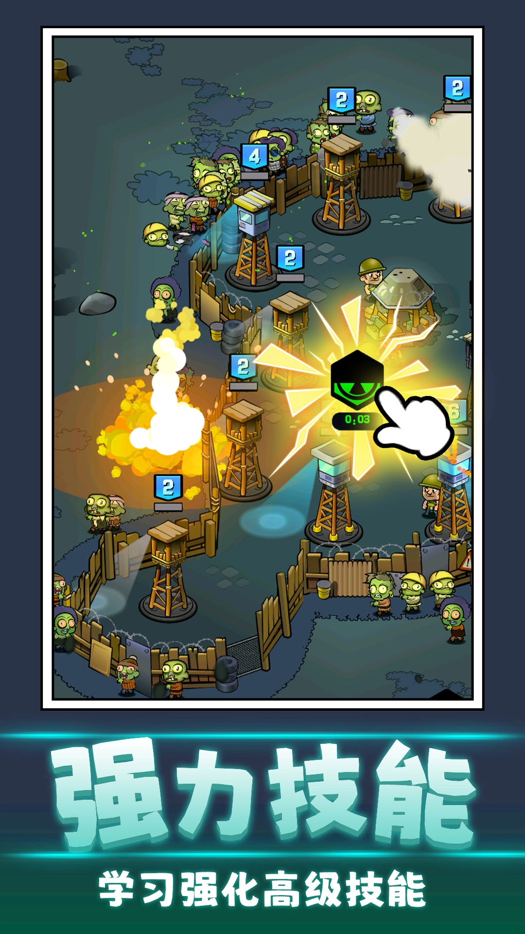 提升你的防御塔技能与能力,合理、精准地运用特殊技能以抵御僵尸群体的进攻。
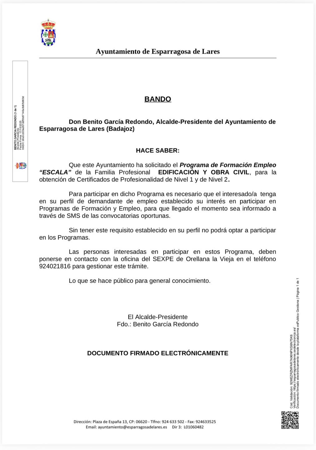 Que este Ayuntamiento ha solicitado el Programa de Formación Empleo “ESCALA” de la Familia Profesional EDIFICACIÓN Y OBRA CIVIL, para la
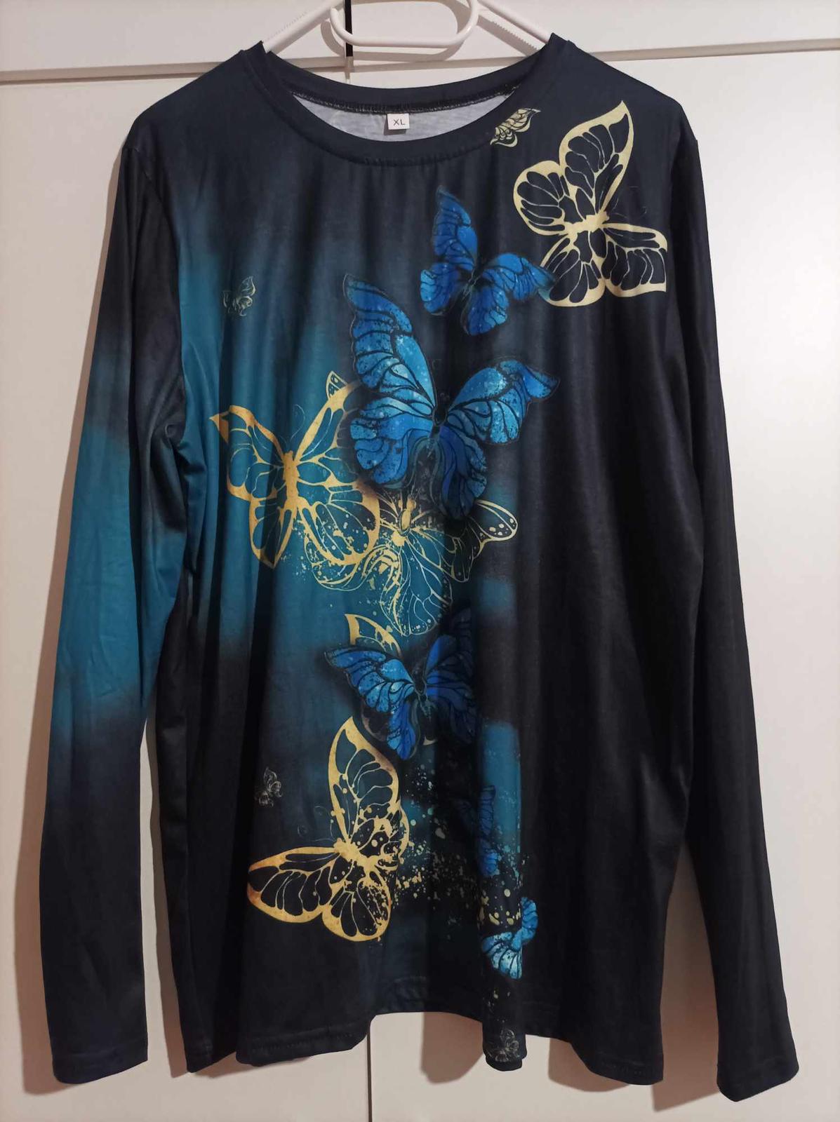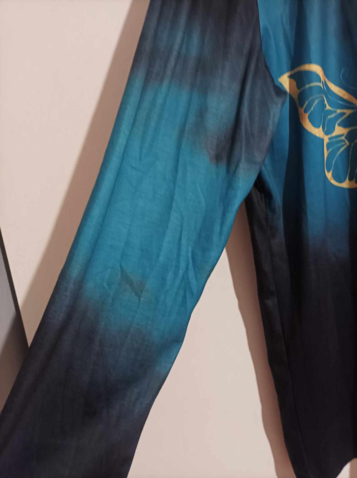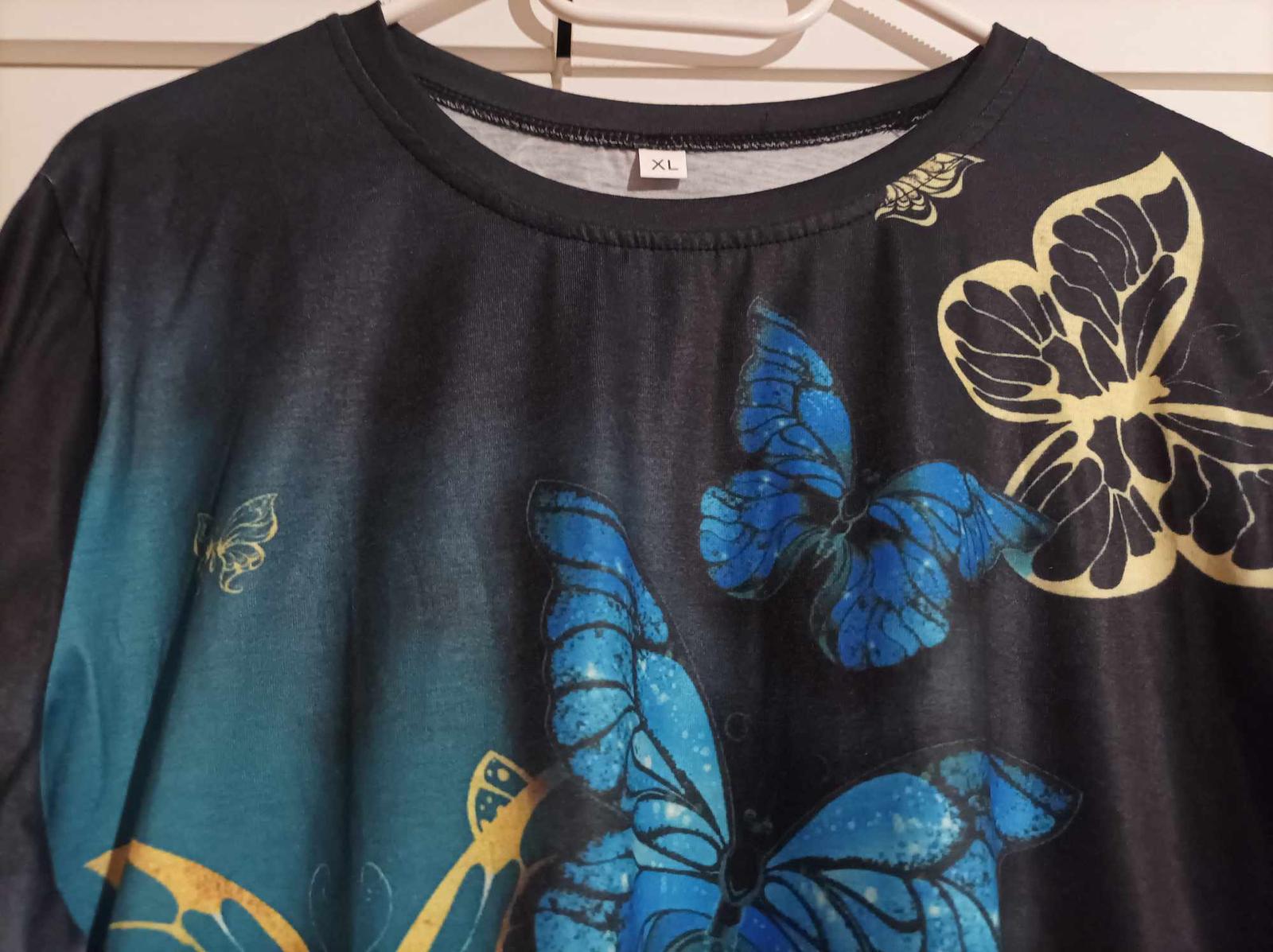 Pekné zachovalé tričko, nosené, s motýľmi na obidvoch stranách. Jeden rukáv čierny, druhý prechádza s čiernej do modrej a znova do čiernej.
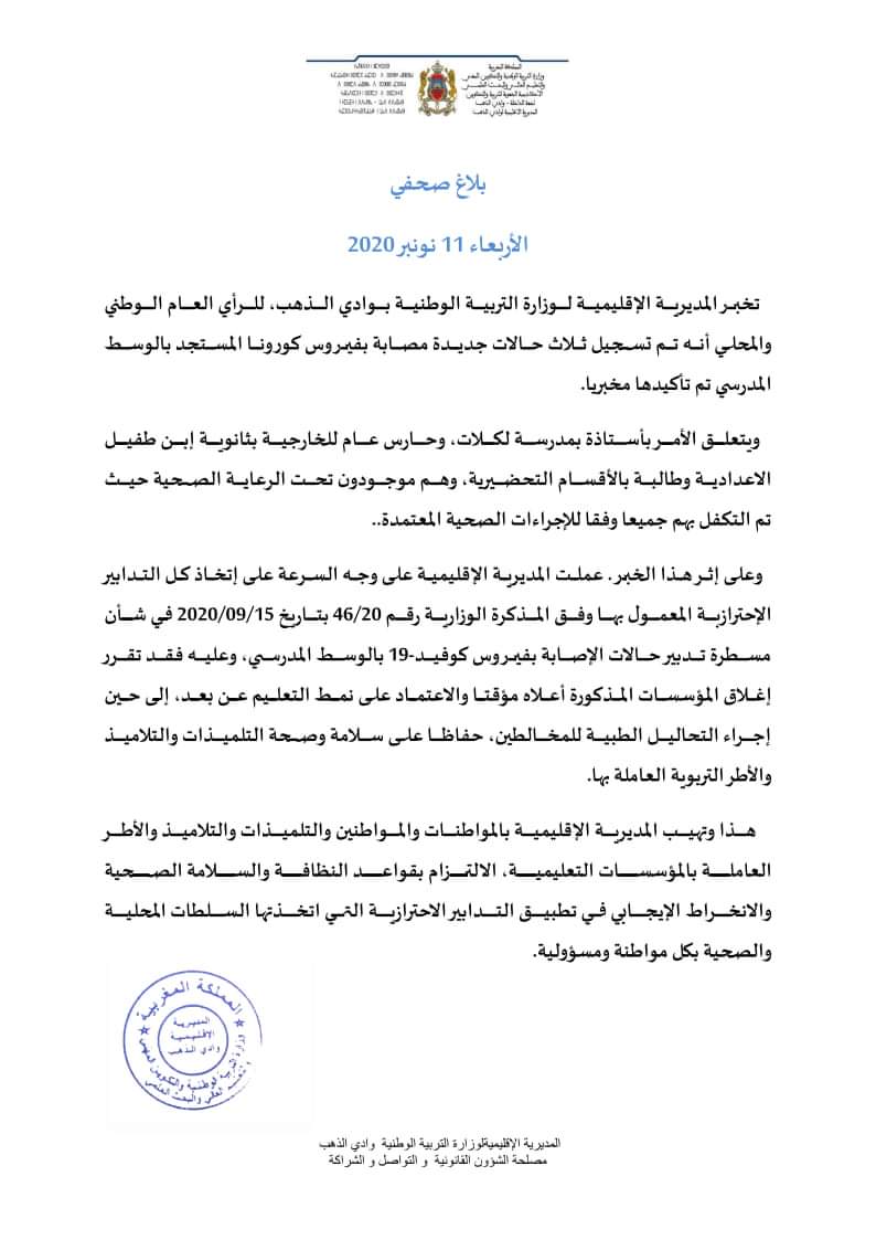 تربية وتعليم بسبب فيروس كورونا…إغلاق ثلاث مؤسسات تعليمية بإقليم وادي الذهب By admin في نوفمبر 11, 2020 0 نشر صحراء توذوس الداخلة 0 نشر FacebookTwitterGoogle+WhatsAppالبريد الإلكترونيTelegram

━━━━━━━━

▶ [PROBLEM TO WORK ON]
Without including any picture, output all the material exactly as it appears.

▶ [WORKED SOLUTION]
 提升你的防御塔技能与能力,合理、精准地运用特殊技能以抵御僵尸群体的进攻。
 Que este Ayuntamiento ha solicitado el Programa de Formación Empleo “ESCALA” de la Familia Profesional EDIFICACIÓN Y OBRA CIVIL, para la
 Pekné zachovalé tričko, nosené, s motýľmi na obidvoch stranách. Jeden rukáv čierny, druhý prechádza s čiernej do modrej a znova do čiernej.
 تربية وتعليم بسبب فيروس كورونا…إغلاق ثلاث مؤسسات تعليمية بإقليم وادي الذهب By admin في نوفمبر 11, 2020 0 نشر صحراء توذوس الداخلة 0 نشر FacebookTwitterGoogle+WhatsAppالبريد الإلكترونيTelegram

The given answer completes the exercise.